Document Processing and Storage

from app.database import DocumentStorage, VectorStore
from app.services.question_service import DocumentQA
from app.utils.text_processor import TextProcessor

# Initialize storage
doc_storage = DocumentStorage()
vector_store = VectorStore()

# Initialize text processor and QA service
text_processor = TextProcessor(chunk_size=1000, chunk_overlap=200)
qa_service = DocumentQA(doc_storage, vector_store)

# Process documents
results = qa_service.process_documents(
    ["path/to/document1.pdf", "path/to/document2.docx", "path/to/compliance_table.txt"],
    parser,
    text_processor
)

# Ask questions about your documents
answer = qa_service.answer_question(
    "What are the key compliance requirements for Identity & Access Management?",
    n_results=5
)

print(answer["answer"])
# Access source information
for source in answer["sources"]:
    print(f"Source: {source['source']}, Relevance: {source['relevance']}")

Table Parsing

The system can automatically detect and parse compliance tables in this format:

1 | Identity & Access Management | YES | Sybill uses Role-Based Access Control and the principle of least privilege... | access-control-policy
2 | Data Protection | PARTIAL | Encryption is implemented for data in transit, but at-rest encryption... | data-protection-policy

Each table row is stored as a separate chunk with structured metadata:

# Retrieve documents with tabular data
tabular_docs = doc_storage.find_chunks_by_metadata({"is_table_row": True})

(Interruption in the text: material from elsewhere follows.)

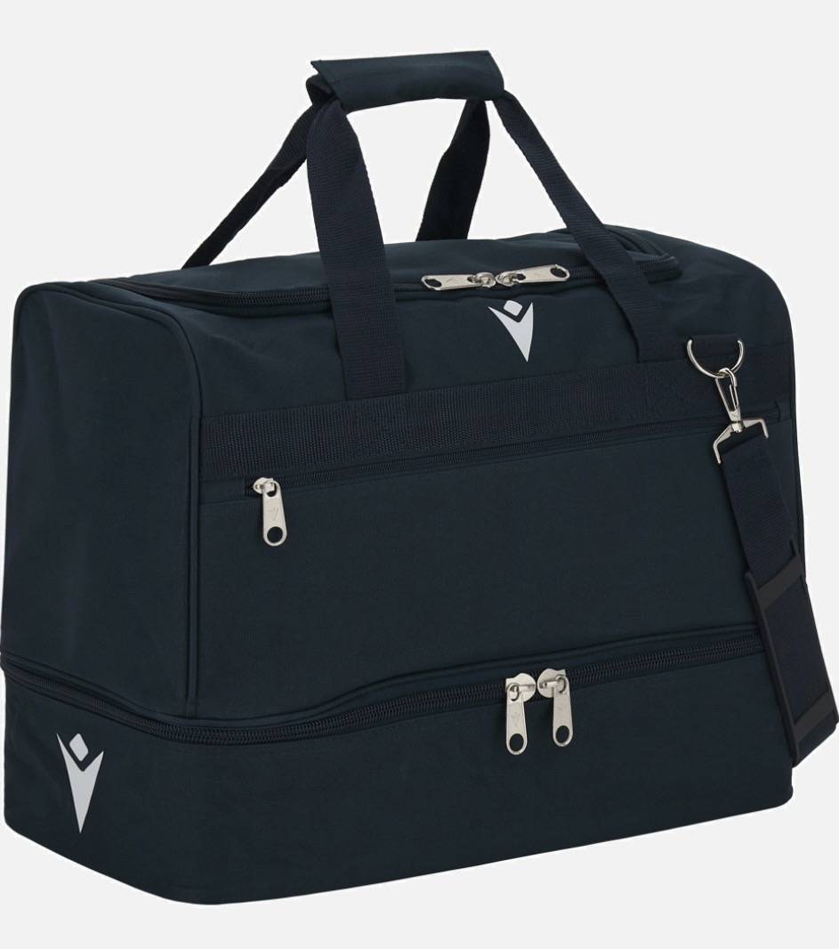 Sac avec un grand compartiment central qui s'ouvre comme une mallette pour exploiter tout l'espace disponible. Doté d'une large poche sur le devant avec fermeture à glissière et d'un fond rigide pratique pour ranger les chaussures. Poignées avec fermeture velcro et bandoulière pour le transport. Disponible en versions large et medium.

# Filter by compliance category
identity_controls = doc_storage.find_chunks_by_metadata({
    "is_table_row": True,
    "control_category": "Identity & Access Management"
})

# Find all fully compliant controls
compliant_controls = doc_storage.find_chunks_by_metadata({
    "is_table_row": True,
    "compliance_status": "YES"
})

Getting Structured JSON Responses

# Define a schema for the response
schema = {
    "type": "object",
    "properties": {
        "answer": {"type": "string"},
        "key_points": {
            "type": "array",
            "items": {"type": "string"}
        },
        "citations": {
            "type": "array",
            "items": {"type": "integer"}
        }
    }
}

# Get a structured response
result = qa_service.answer_question(
    "What are the key compliance requirements for data protection?",
    n_results=5,
    json_response=True,
    json_schema=schema
)

Using the Database Module

To use the MongoDB connection in other parts of your application:

# Import the db instance
from app.database import db

# Get a collection
collection = db.get_collection("your_collection_name")

# Perform operations
collection.insert_one({"key": "value"})
documents = collection.find({"key": "value"})

# Close connection when done (typically at application exit)
db.close()

Development

Type Checking

The project includes type annotations and can be type-checked using mypy:

mypy app

Running Tests

pytest

License

This project is licensed under the MIT License - see the LICENSE file for details.

About

A powerful document management system designed for regulatory compliance, using MongoDB for document storage and Azure OpenAI for intelligent document analysis and question answering.